The copy must run from the line containing "6. Loosen plug" through the final line of the records, both included, exactly as written. It should contain no pictures.

(Excerpted records)

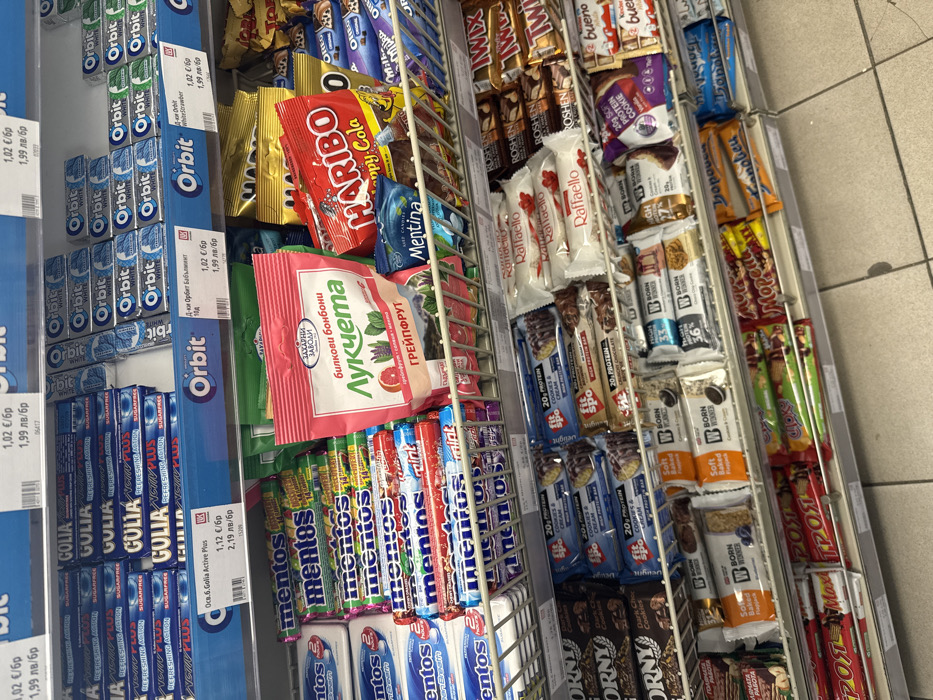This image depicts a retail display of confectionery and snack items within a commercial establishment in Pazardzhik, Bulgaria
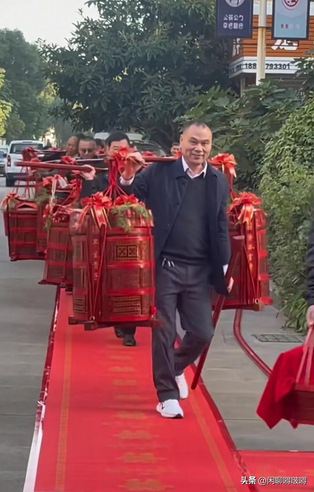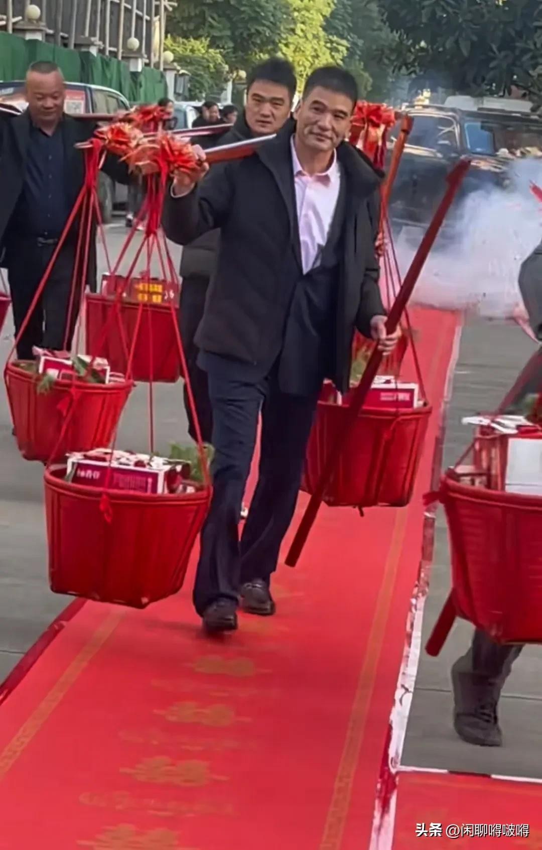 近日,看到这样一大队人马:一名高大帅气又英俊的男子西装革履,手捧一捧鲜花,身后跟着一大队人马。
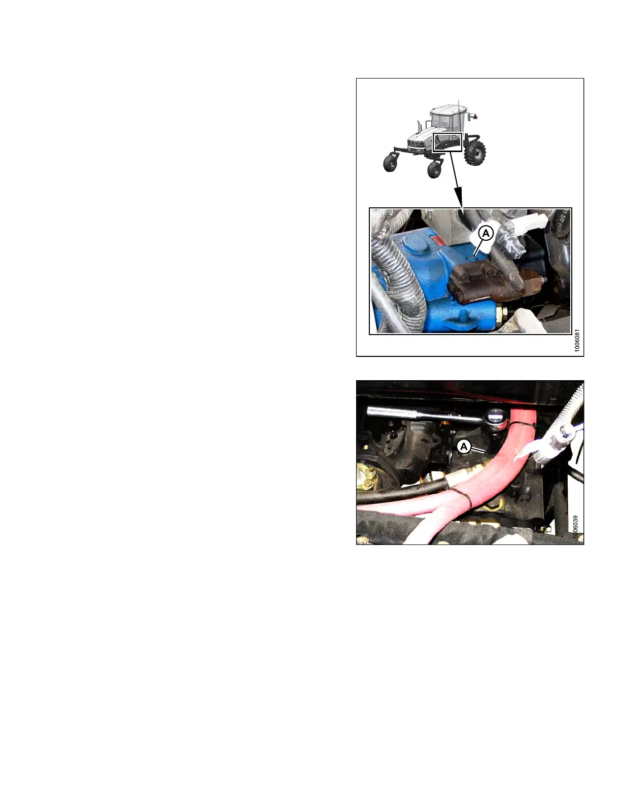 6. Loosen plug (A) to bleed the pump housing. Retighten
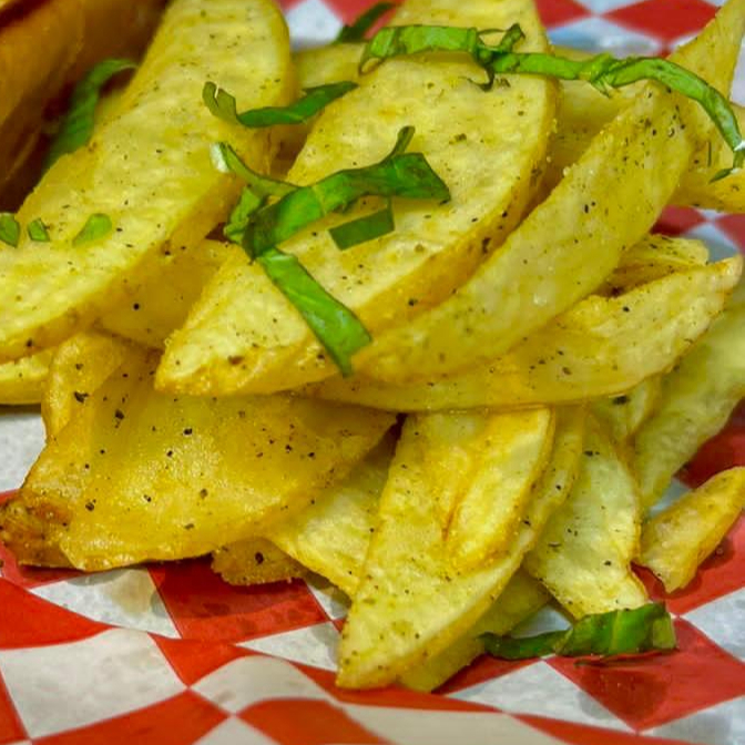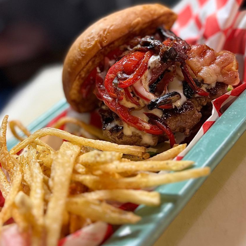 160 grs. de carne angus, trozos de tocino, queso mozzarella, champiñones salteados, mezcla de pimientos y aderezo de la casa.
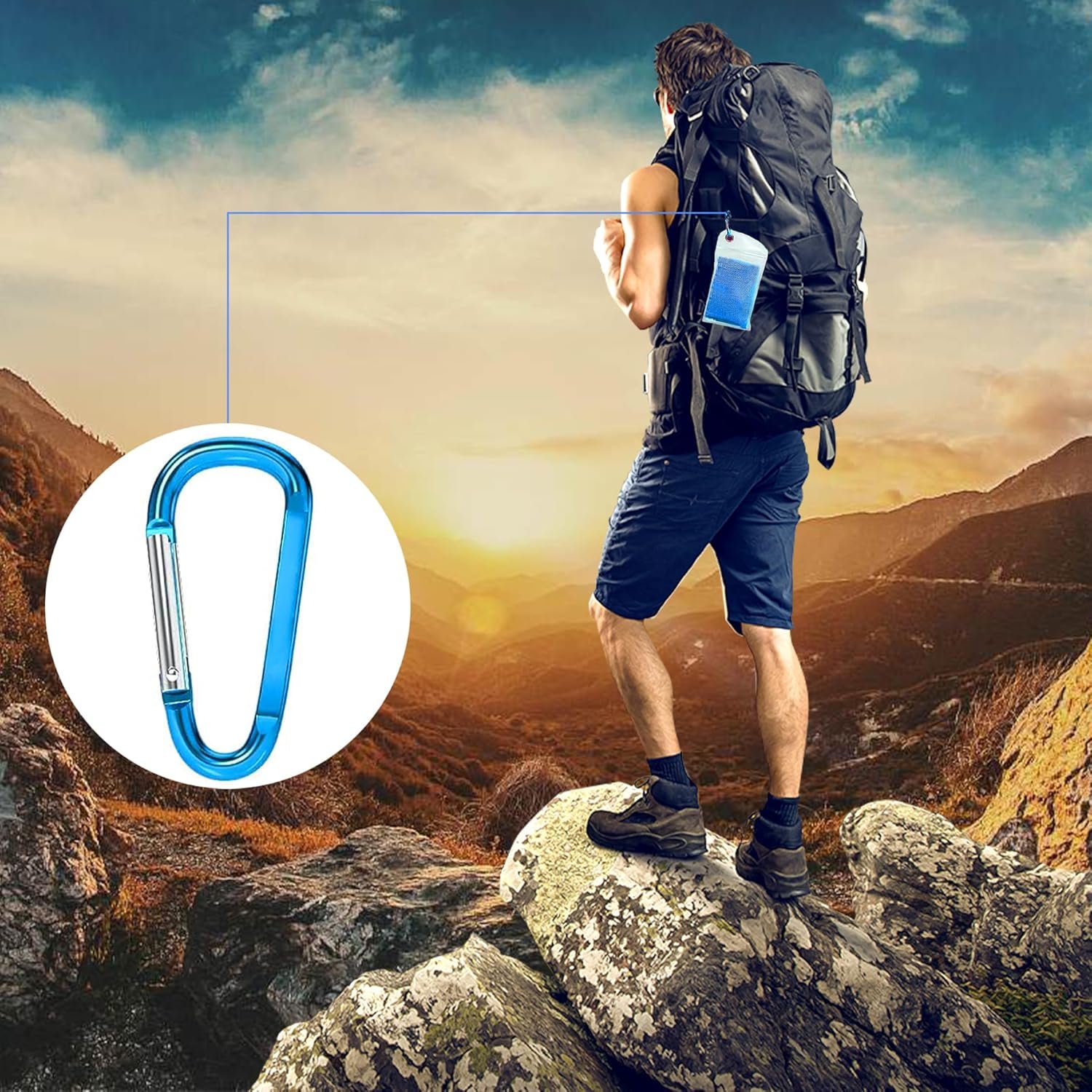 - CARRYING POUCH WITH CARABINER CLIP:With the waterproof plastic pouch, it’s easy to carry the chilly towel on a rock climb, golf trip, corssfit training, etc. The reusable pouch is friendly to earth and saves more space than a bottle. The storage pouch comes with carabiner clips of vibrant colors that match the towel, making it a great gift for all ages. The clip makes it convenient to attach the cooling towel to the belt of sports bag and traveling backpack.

(End Excerpted records)

[Problem solution]:
 6. Loosen plug (A) to bleed the pump housing. Retighten
 160 grs. de carne angus, trozos de tocino, queso mozzarella, champiñones salteados, mezcla de pimientos y aderezo de la casa.
 - CARRYING POUCH WITH CARABINER CLIP:With the waterproof plastic pouch, it’s easy to carry the chilly towel on a rock climb, golf trip, corssfit training, etc. The reusable pouch is friendly to earth and saves more space than a bottle. The storage pouch comes with carabiner clips of vibrant colors that match the towel, making it a great gift for all ages. The clip makes it convenient to attach the cooling towel to the belt of sports bag and traveling backpack.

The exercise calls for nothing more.